- TASK DETAILS
Once you reach the line that holds "Siddipet (45 km)" in the listing below, output it and every line after it through the line that holds "Cのラメをほんの少しだけ指にとり、上まぶたの中央にのせます。", word for word.

- TASK INPUTS
★ ★ ★ ★ ★
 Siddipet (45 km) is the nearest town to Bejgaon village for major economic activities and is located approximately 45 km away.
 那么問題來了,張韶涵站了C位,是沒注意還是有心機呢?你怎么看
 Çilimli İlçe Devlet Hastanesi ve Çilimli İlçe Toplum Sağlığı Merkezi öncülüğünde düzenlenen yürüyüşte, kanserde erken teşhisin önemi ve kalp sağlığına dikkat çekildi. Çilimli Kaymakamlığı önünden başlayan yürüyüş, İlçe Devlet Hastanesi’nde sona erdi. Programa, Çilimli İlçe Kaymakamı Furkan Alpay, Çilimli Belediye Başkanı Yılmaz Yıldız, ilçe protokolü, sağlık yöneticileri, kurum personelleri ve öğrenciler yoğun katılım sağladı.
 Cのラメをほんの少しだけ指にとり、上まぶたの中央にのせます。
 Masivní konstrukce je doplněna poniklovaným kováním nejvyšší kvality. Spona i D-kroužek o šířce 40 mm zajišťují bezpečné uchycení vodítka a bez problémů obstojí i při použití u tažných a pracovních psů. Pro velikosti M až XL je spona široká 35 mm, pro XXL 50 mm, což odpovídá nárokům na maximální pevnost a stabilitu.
★ ★ ★ ★ ★
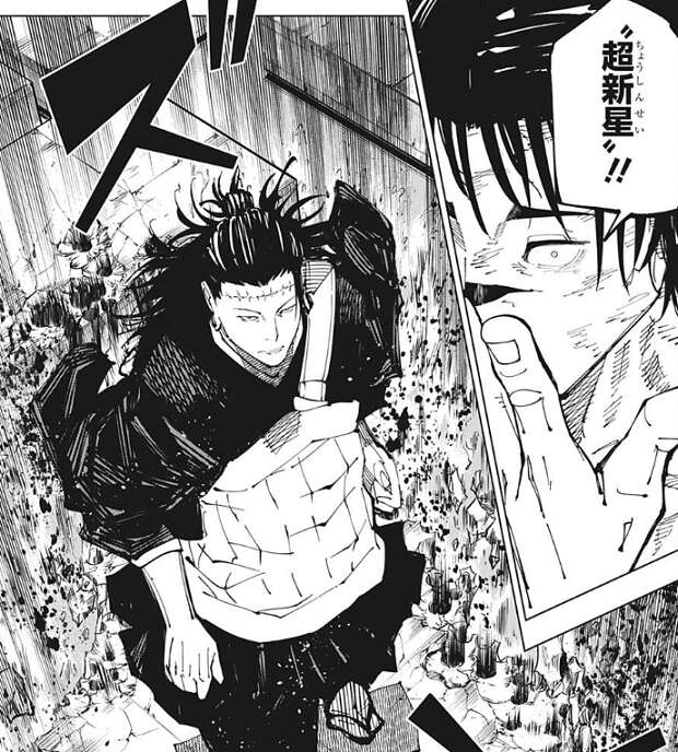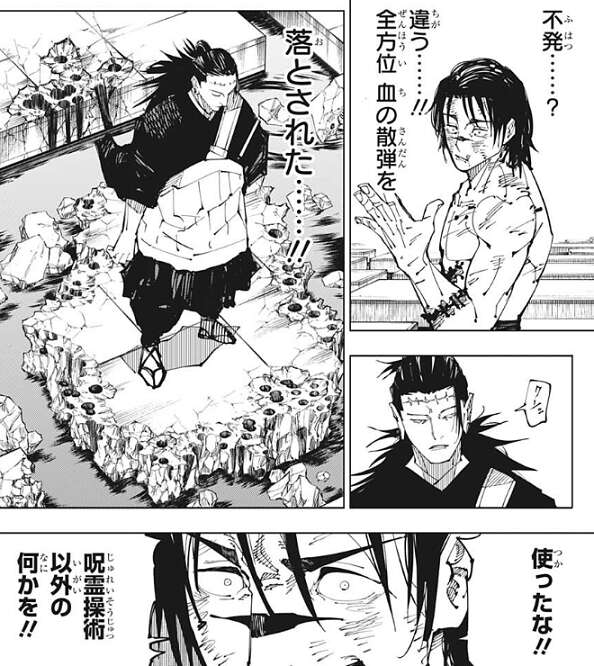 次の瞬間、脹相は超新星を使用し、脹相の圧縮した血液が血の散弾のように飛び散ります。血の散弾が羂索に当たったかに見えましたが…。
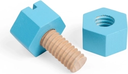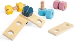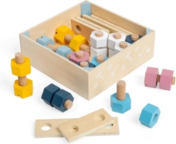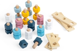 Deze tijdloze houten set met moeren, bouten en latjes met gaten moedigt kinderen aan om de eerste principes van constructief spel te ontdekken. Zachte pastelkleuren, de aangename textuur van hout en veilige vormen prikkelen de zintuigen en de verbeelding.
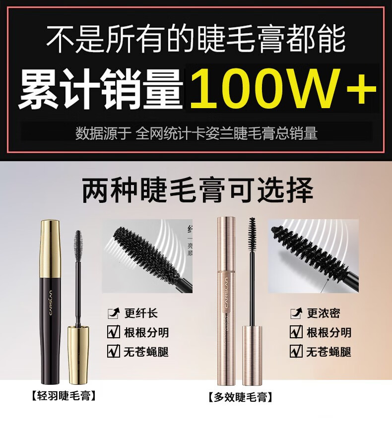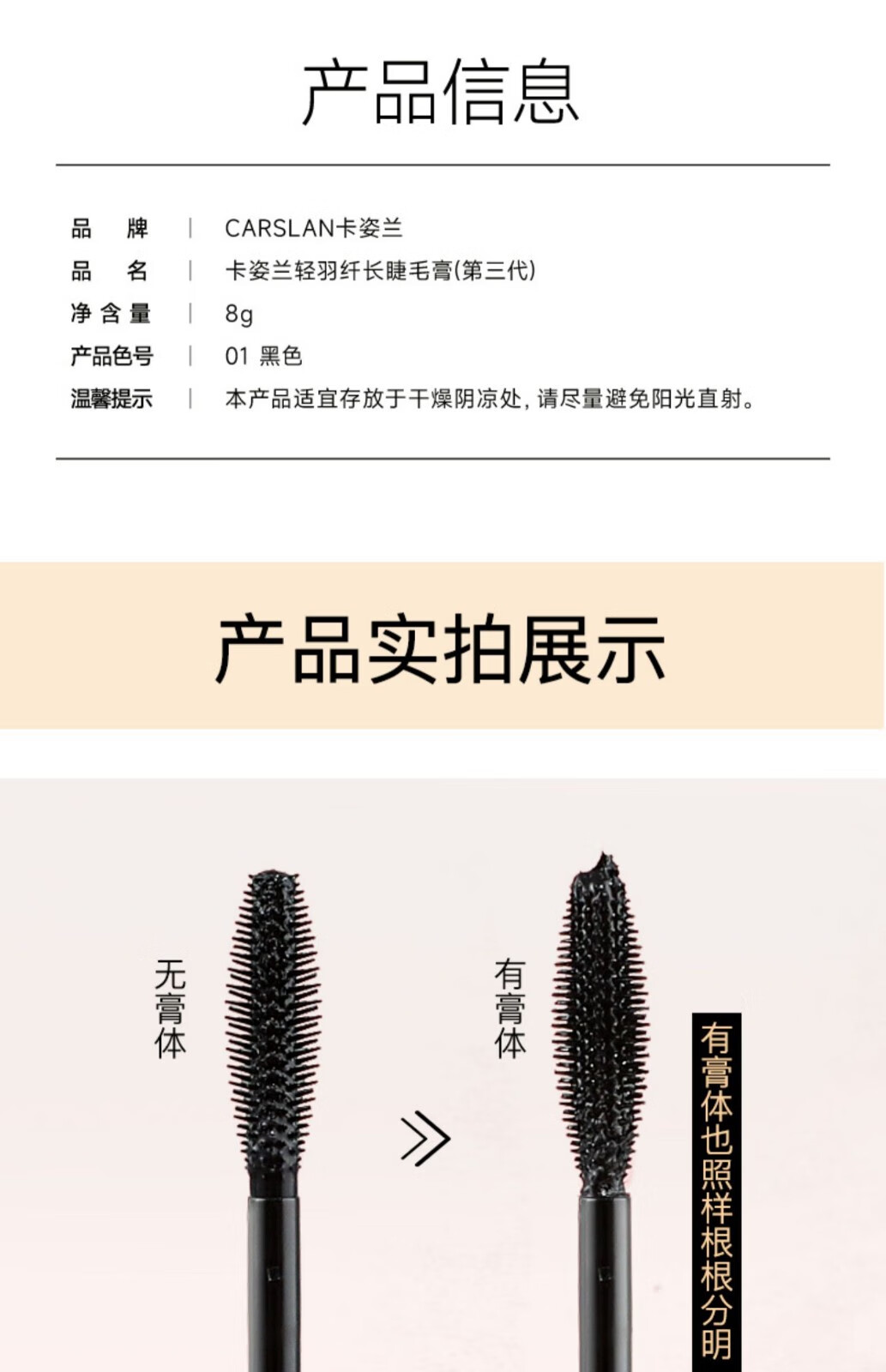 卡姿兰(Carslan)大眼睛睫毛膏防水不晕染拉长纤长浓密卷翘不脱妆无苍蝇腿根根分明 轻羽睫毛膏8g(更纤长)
★ ★ ★ ★ ★
- WORKED SOLUTION
 Siddipet (45 km) is the nearest town to Bejgaon village for major economic activities and is located approximately 45 km away.
 那么問題來了,張韶涵站了C位,是沒注意還是有心機呢?你怎么看
 Çilimli İlçe Devlet Hastanesi ve Çilimli İlçe Toplum Sağlığı Merkezi öncülüğünde düzenlenen yürüyüşte, kanserde erken teşhisin önemi ve kalp sağlığına dikkat çekildi. Çilimli Kaymakamlığı önünden başlayan yürüyüş, İlçe Devlet Hastanesi’nde sona erdi. Programa, Çilimli İlçe Kaymakamı Furkan Alpay, Çilimli Belediye Başkanı Yılmaz Yıldız, ilçe protokolü, sağlık yöneticileri, kurum personelleri ve öğrenciler yoğun katılım sağladı.
 Cのラメをほんの少しだけ指にとり、上まぶたの中央にのせます。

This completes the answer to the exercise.